Tell HN: Anthropic no longer allowing Claude Code subscriptions to use OpenClaw
Policy change & what it covers
- Anthropic is blocking use of Claude Code subscription quotas with “third‑party harnesses” like OpenClaw / OpenCode; such use must now be paid via extra usage or API.
- Change appears targeted at automated, high‑duty agent workflows rather than occasional CLI/editor scripting, but boundaries (e.g.,
claude -p, ACP, custom scripts) are widely viewed as unclear. - Only some accounts received emails (likely based on detected usage), though anyone can claim the extra-usage credit via the usage page.
Economics, capacity, and fairness
- Many argue this is about unsustainable unit economics: subscriptions are heavily subsidized, priced for human, bursty use; 24/7 agents can max quotas and cost more than they pay.
- Others reply that users bought “limits” and should be able to spend them however they want; if it’s too costly, Anthropic should adjust prices/limits instead of banning specific usage.
- Several note Anthropic’s capacity constraints and frequent rate‑limits/outages; they see cutting OpenClaw as prioritizing enterprise and “normal” Claude Code users.
- Some see it as self‑preferencing and ecosystem control rather than pure capacity management.
User impact & reactions
- Heavy Claude Code users already hit 5‑hour and weekly limits quickly; OpenClaw often exhausted quotas even faster.
- Some plan to downgrade or cancel Anthropic subscriptions, move agentic work to other providers or local models, and keep Claude only for light interactive use.

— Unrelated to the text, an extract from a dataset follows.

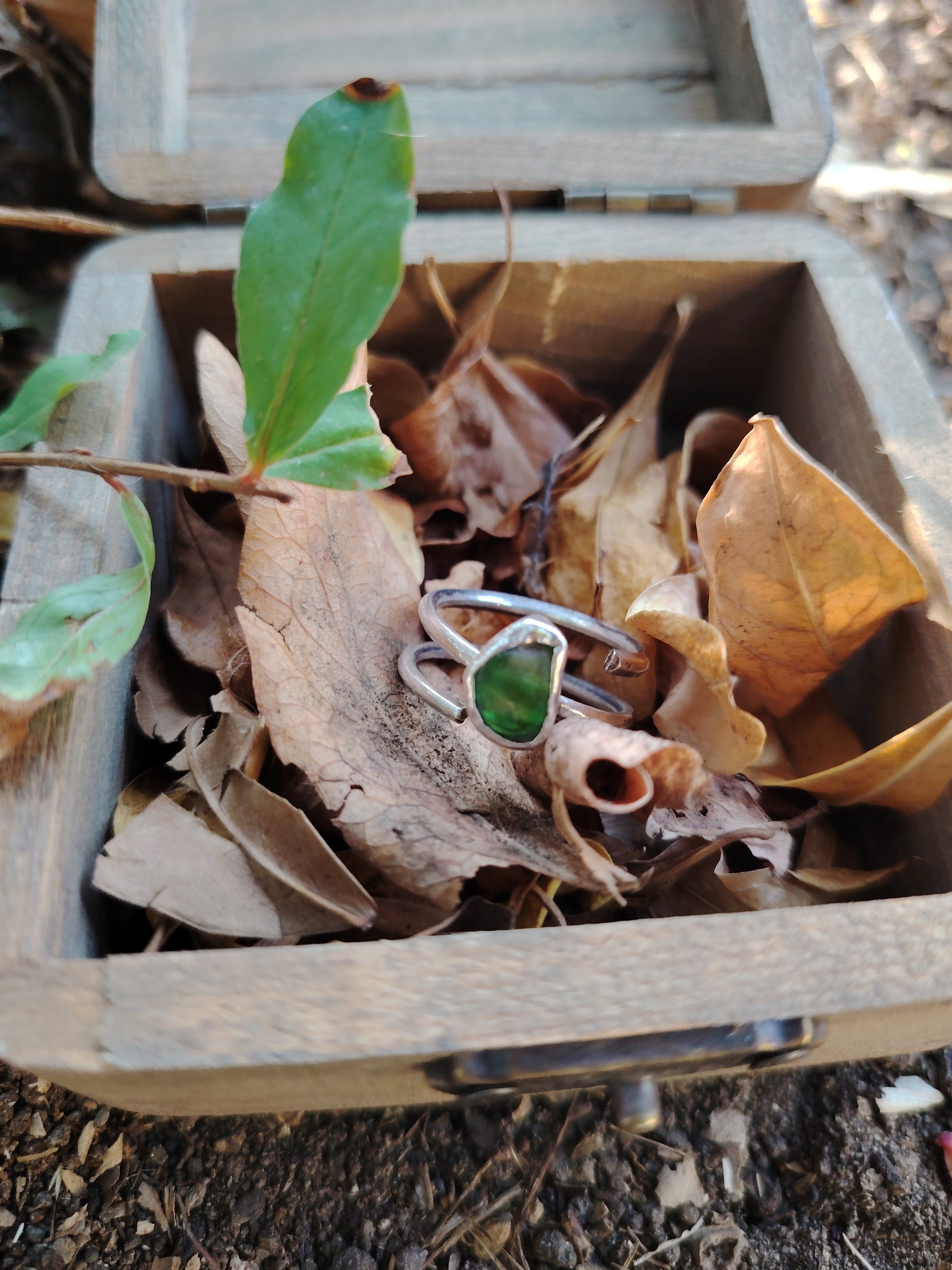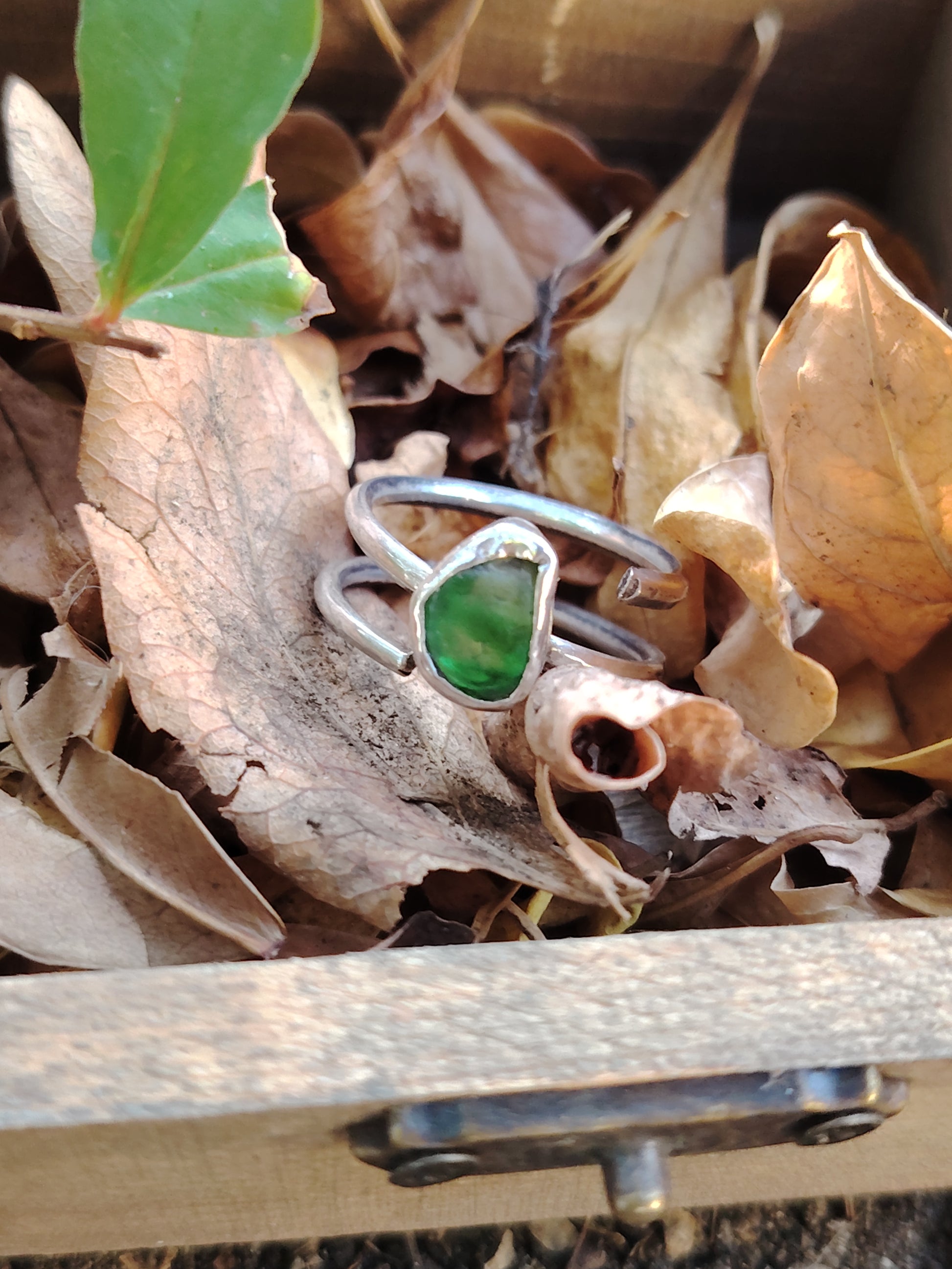 Anello in argento 925 riciclato con ''vetro di mare'' incastonato a mano, parte di una collezione di gioielli realizzata con materiali di scarto in collaborazione con WWF E FAI (fondo ambiente italiano)

- Others welcome the change, saying OpenClaw‑style workloads degraded service for regular users and that subsidizing a “shadow API” was never the deal.
Alternatives & workarounds
- Many mention switching coding/agent workflows to OpenAI Codex (which currently allows third‑party harnesses), Chinese providers (GLM, Minimax, StepFun, Kimi), GitHub Copilot, or editor‑integrated tools.
- There is strong interest in open‑source models (Gemma 4, Qwen, local MoE models) plus rented or local GPUs as a way to escape vendor limits and lock‑in, despite lower quality vs. Sonnet/Opus.
Trust, lock‑in, and future direction
- Some see this as a bait‑and‑switch: terms were tightened after people built workflows on top of subscriptions.
- Others counter that ToS always disallowed automated non‑Anthropic clients and that Anthropic is acting reasonably by enforcing them.
- Broader concern: agentic/autonomous usage doesn’t fit human‑oriented subscriptions; many expect a long‑term shift toward pure API billing or local/open models for agents.